The Mongol assault of 1240, continued in 1241 and the first part of 1242, aimed at more than Russia. In fact, it had been preceded by an order to the king of Hungary to submit to the Mongol rule. The Mongols began by invading the Kievan area proper. Overcoming the stubborn defenders, they took Kiev by storm, exterminated the population, and leveled the city. The

same fate befell other towns of the area, whose inhabitants either died or became slaves. After Kiev, the Mongols swept through the southwestern principalities of Galicia and Volynia, laying everything waste. Poland and Hungary came next. One Mongol army defeated the Poles and the Germans, the most important battle taking place at Liegnitz in Silesia in 1241, while another army smashed the Hungarians. Undeterred by the Carpathian mountains, the Mongols occupied the Hungarian plain; their advance guard reached the Adriatic. Whereas campaigning in central Europe presented certain problems to the Mongols, particularly the need to reduce fortresses, many historians believe that only the death of Great Khan Ugedey saved a number of European countries. Concerned with internal Mongol politics, his nephew Batu decided to retrench; and in the spring of 1242 he withdrew his armies to the southern steppe, subjugating Bulgaria, Moldavia, and Wallachia on the way back. Although the Mongols thus retreated to the east, all of Russia, including the northwestern part which escaped direct conquest, remained under their sway.
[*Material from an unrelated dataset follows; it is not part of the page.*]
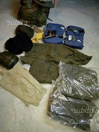 Materiale vario (gavetta, per pulizia personale, lucido per anfibi, zainetto tattico, ecc.) mimetiche abbigliamento militare originale vendo tutto in blocco unico.

Batu established his headquarters in the lower Volga area in what became the town of Old Sarai and the capital of the domain known as the Golden Horde. The Golden Horde constituted first a part of the Mongol empire and later, as the central ties weakened, an independent state. A department in Old Sarai, headed by a daruga, handled Russian affairs. Mongol dominion over Russia meant that the Russian rulers recognized the Mongol overlordship, that the Mongols, initially the great khan in Mongolia and subsequently the potentate of the Golden Horde, invested the Russian grand prince with his office, and that to be so invested the Russian prince had to journey to the Mongol headquarters and pay humble obeisance to his suzerain. Further, it meant that the Mongols collected tribute from the Russians, at first by means of their own agents and afterwards through the intermediacy of Russian princes. Also, the Russians occasionally had to send military detachments for the Mongol army. We know of several such levies and of Russians serving in the Mongol forces as far away from their homeland as China.